I do not even know if the description is correct, because it's very difficult for someone to tell how many concurrent users they'll have without running the system. Almost always has much less than the person imagines, that is, simultaneous truth is usually 2, 3 or 4, but if there are many, then you can not be very precise, you can speak in 50, in 100, round numbers. Concurrency is not what you think it is. That's why people think they need a much more complex architecture than they really need.

What you're talking about has nothing to do with multi-tenancy , the main reason I answered. This concept is the opposite of what you are describing, it is when the system must adapt to run for several different clients.

The issue of backup is unrelated to this. It is another problem and it is not because of the model itself, but because of the way it is being done and how it has been configured.

Being all together or not, has nothing to do with performance in any engine of MySQL. Other decisions are that they make the performance good or bad. It can influence a minimum, but nothing that makes real difference.

Of course, each model adopted will have advantages and disadvantages and have to put in the balance each one. One of them will make you have more difficulty with some operations and another model will have other operations, there is nothing free of disadvantages.

I prefer whenever possible in a relational database to put everything on the same basis, I see little or no advantage in separating. You have to see, but I obviously disagree with them. Whenever it has a relationship, it needs a transaction between tables, if it is not on the same base it becomes a martyrdom, and if there is something like that in your scenario today, one day it may come to have. It is almost always hard to justify the motivation to separate, not least because it gives so much work in more complex applications that it is not worth the effort, and in the simple things it does, until it ceases to be simple.

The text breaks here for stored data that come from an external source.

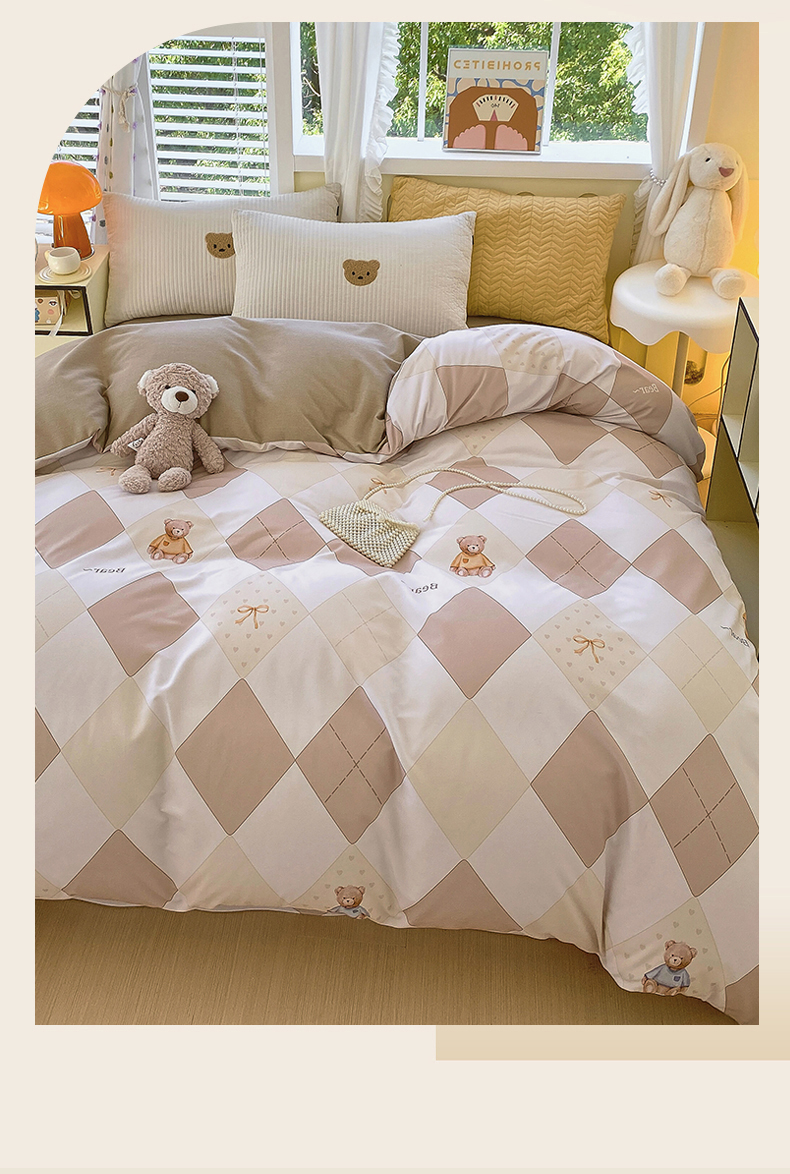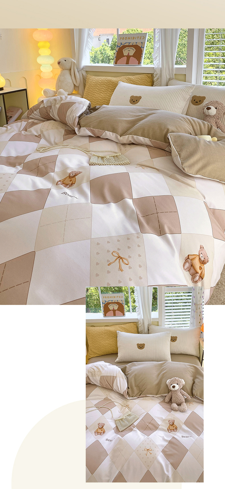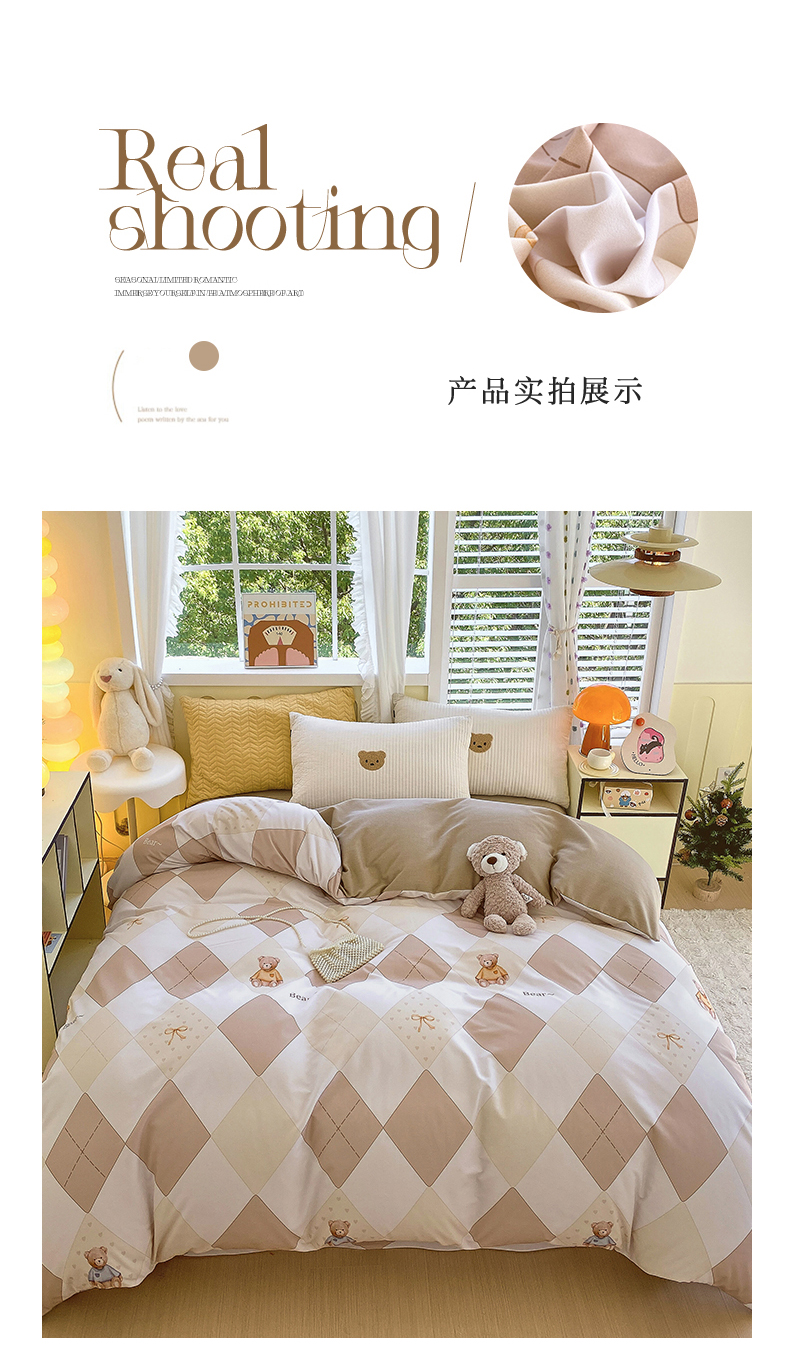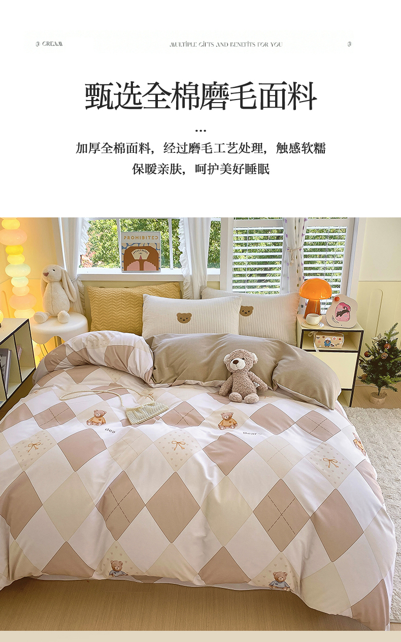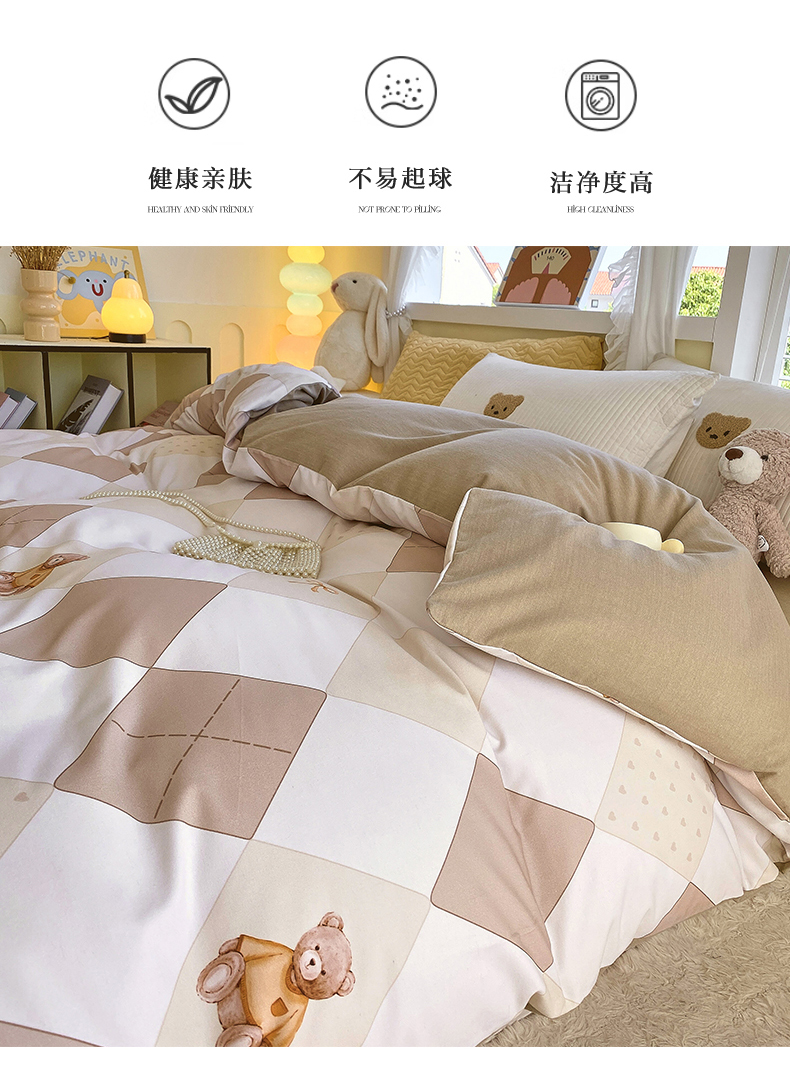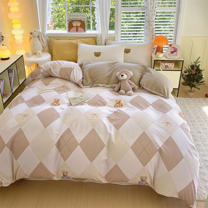 当前位置:凯磊家纺 > 凯磊家纺 2025新款Ab版加厚磨毛印花系列被套单件被套单品单被套 格子小熊-咖
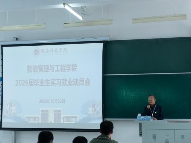 学院于10月23日在博文楼E201、E202召开2026届毕业生实习就业动员会,为毕业生就业之路精准导航。学院党委副书记、学工办主任谢伟主持会议,副院长张相斌教授,2022级辅导员闫秋月、何丽婵,教学秘书王思元出席,全体2026届毕业生参会。会上,张相斌结合物流行业发展趋势与人才需求导向,深入剖析当前就业形势,为毕业生实习择业提供专业指导;谢伟就就业政策解读、求职技巧提升、就业权益保障等关键问题进行详细讲解,引导毕业生树立正确就业观。此次动员会有效凝聚思想共识,帮助毕业生明确就业目标,为后续就业工作开展奠定坚实思想基础。
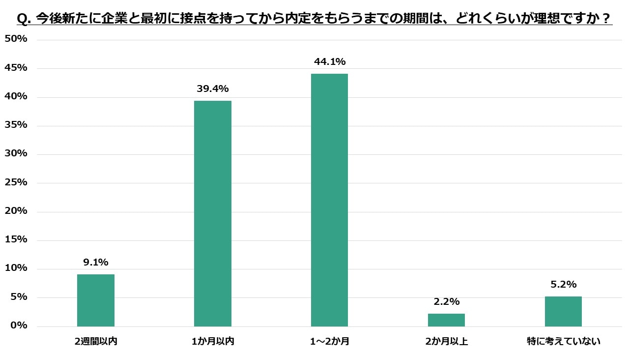 最も多くの回答を集めたのは「1~2か月」の44.1%でしたが、次いで「1か月以内」も39.4%と僅差で続く結果となりました。これらを合わせると、8割以上の学生が、今後接触する企業とは2か月以内での内定獲得を理想としていることがわかります。
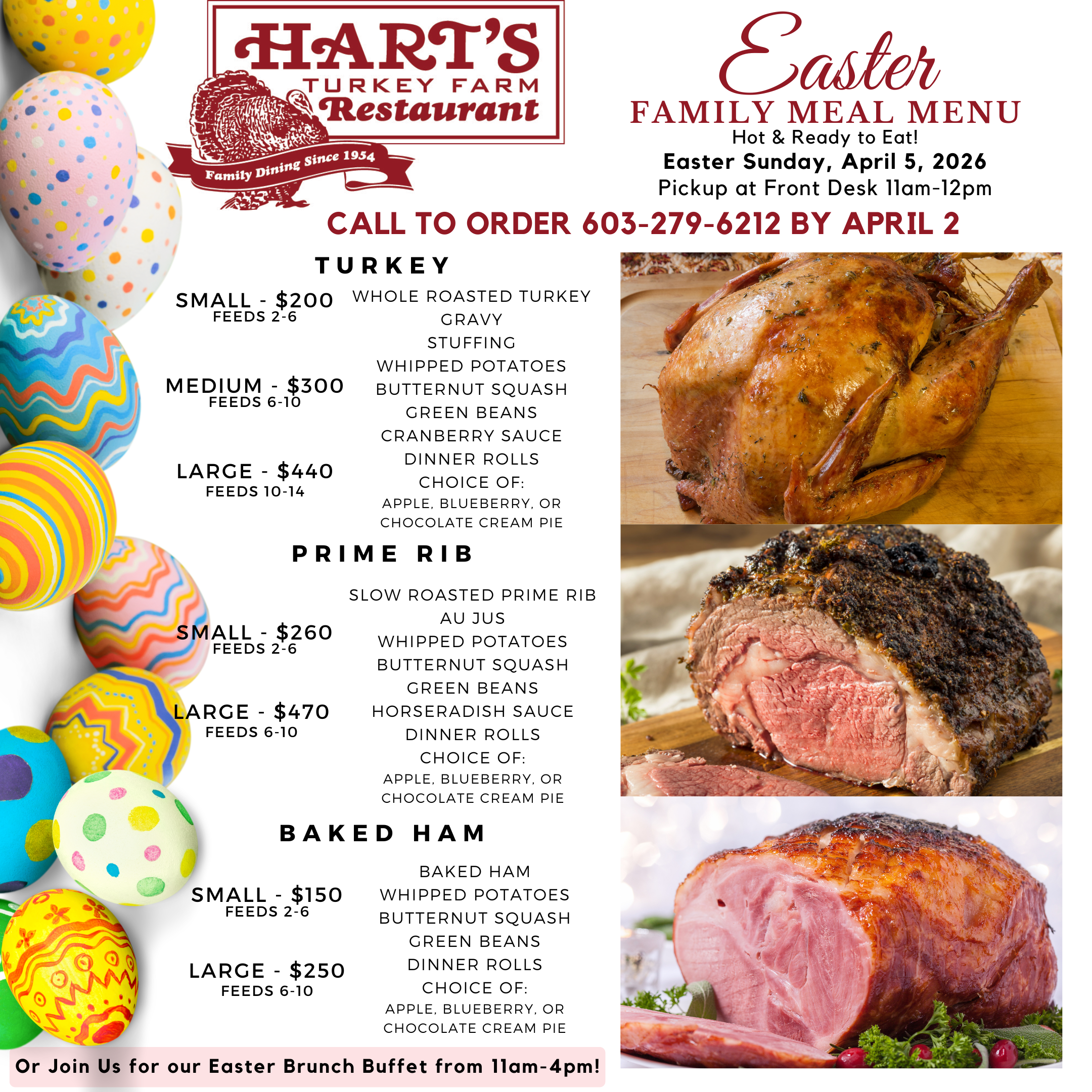 Prefer to celebrate at home? Hart’s will also offer all-inclusive Family Meals for pickup from 11am–12pm. Family meals must be preordered by April 3, and regular takeout will not be available that day. Check out the menu below!
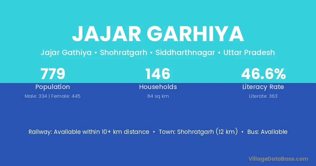 Shohratgarh (12 km) is the nearest town to Jajar Garhiya village for major economic activities and is located approximately 12 km away.
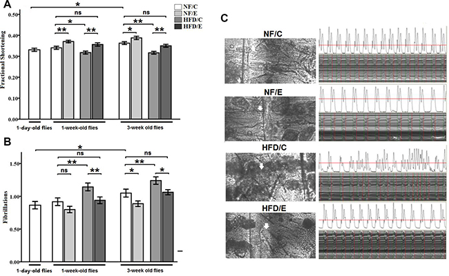 Figure 8: Effects of endurance training and HFD on fraction shortening and fibrillation at one-day old flies, one-week old flies, and five-week old flies. (A) Fraction shortening. (B) Fibrillation. (C) Effects of HFD and endurance training on the fat storage in non-adipose tissue heart and percardial cells at five-week old. Heart and percardial cells were observed clearly in NF/C flies. Heart and percardial cells were also observed clearly in NF/E flies. Heart and percardial cells could not be observed clearly in HFD/C flies since there were much fat storage in non-adipose tissue heart and percardial cells after five-week HFD, and the heart would be damaged even though this fat was removed very carefully in order to see the heart tube clearly. Independent-sample t-tests were used to assess differences between 1-day-old flies and 5-week-old flies. Using a one-way analysis of variance (ANOVA) followed by an LSD test among the NF/C, NF/E, HFD/C, and HFD/E group flies. Sample size was 30 flies per group. Data are represented as means ± SEM. *P < 0.05; **P < 0.01.
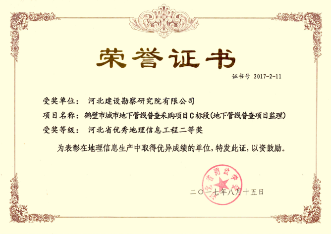 近日,經(jīng)河北省測繪學(xué)會評選,由我公司承擔(dān)的鶴壁市城市地下管線普查采購項目C標(biāo)段(地下管線普查項目監(jiān)理)榮獲河北省優(yōu)秀地理信息工程二等獎。
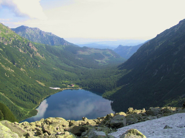 büszkeségei a hatalmas gleccsertavak, a Halastó (Morskie Oko, 1395 m, ebből
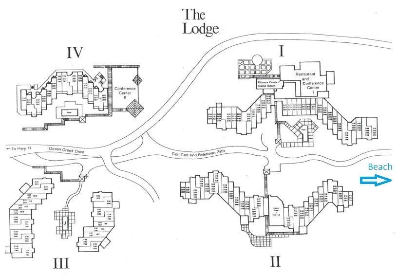 Ocean Creek is located on the north end of Myrtle Beach situated directly across from the south entrance to Barefoot Landing and shares an entrance with Cracker Barrel. Once you enter the OC property, Lodge 3 is located just behind the Greens townhomes. When on Ocean Creek Dr, take the 4th turn to the right. Condo is on the 3rd floor, there are stairs at either end of the building, elevator is at the south end of the building.Courtesy of Leonard Call- Ocean Creek
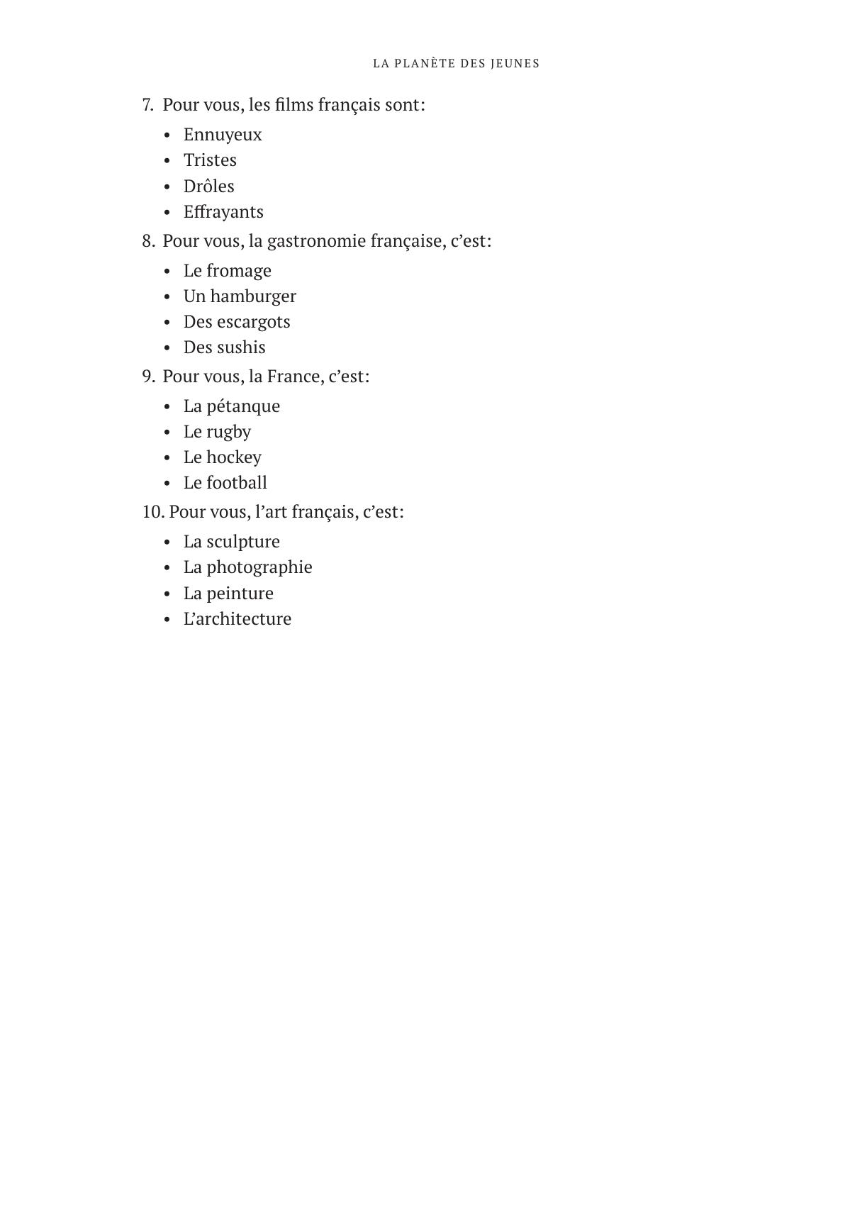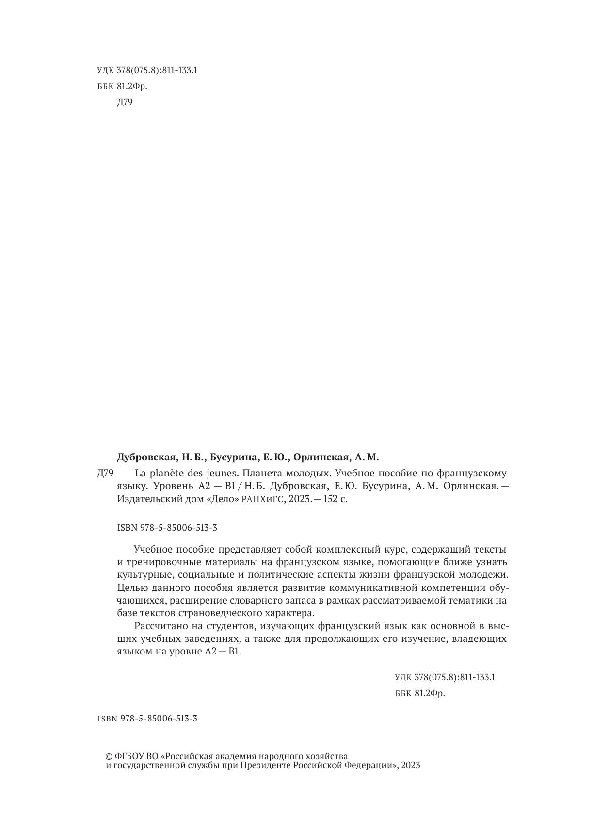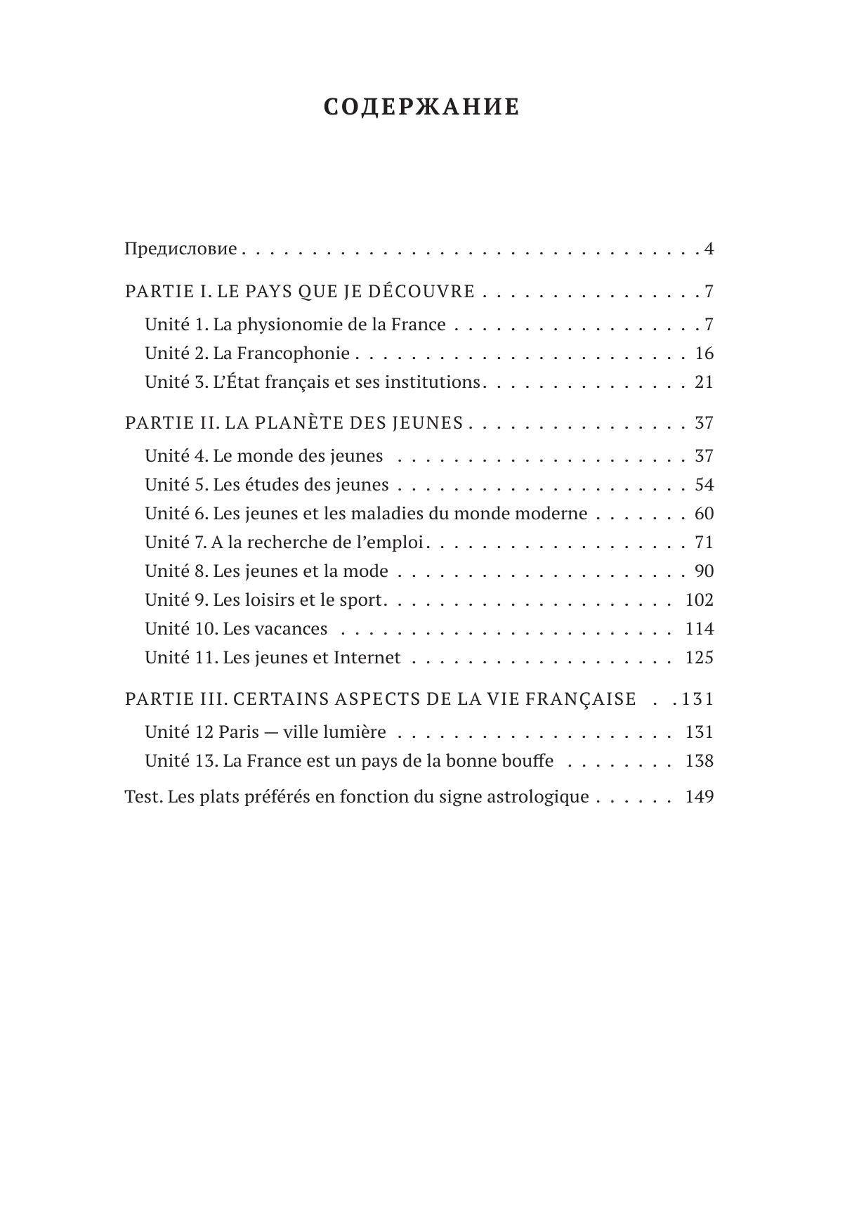 Учебное пособие представляет собой комплексный курс, содержащий тексты и тренировочные материалы на французском языке, помогающие ближе узнать культурные, социальные и политические аспекты жизни французской молодежи. Целью данного пособия является развитие коммуникативной компетенции обучающихся, расширение словарного запаса в рамках рассматриваемой тематики на базе текстов страноведческого характера. Рассчитано на студентов, изучающих французский язык как основной в высших учебных заведениях, а также для продолжающих его изучение, владеющих языком на уровне A2-B1

Imagine having to think about separating some things and putting others together. The case of the users of your example. Whether it should integrate with everything or do separate and turns to integrate with everything (this case can be simple, not all are) or else put together. But how to put together if there are separate parts? Replicating? It looks awful, close to unfeasible. And if what worked well separated one day changes and needs to be together?

This site is one of the 50 most accessed in the world and has everything together, runs extremely simple and with an absurdly good performance. Unless you work on Facebook, Netflix, these companies, I do not see how separate is a good idea. But the current fashion of the market is to separate (I have a lecture showing how much more problematic than people think).

But I often say that if you do not know what you are doing, if you do not understand the fundamentals, do not master every detail of the technology you are using, there is no point in making an architecture decision, all architectures will go wrong, is at this point.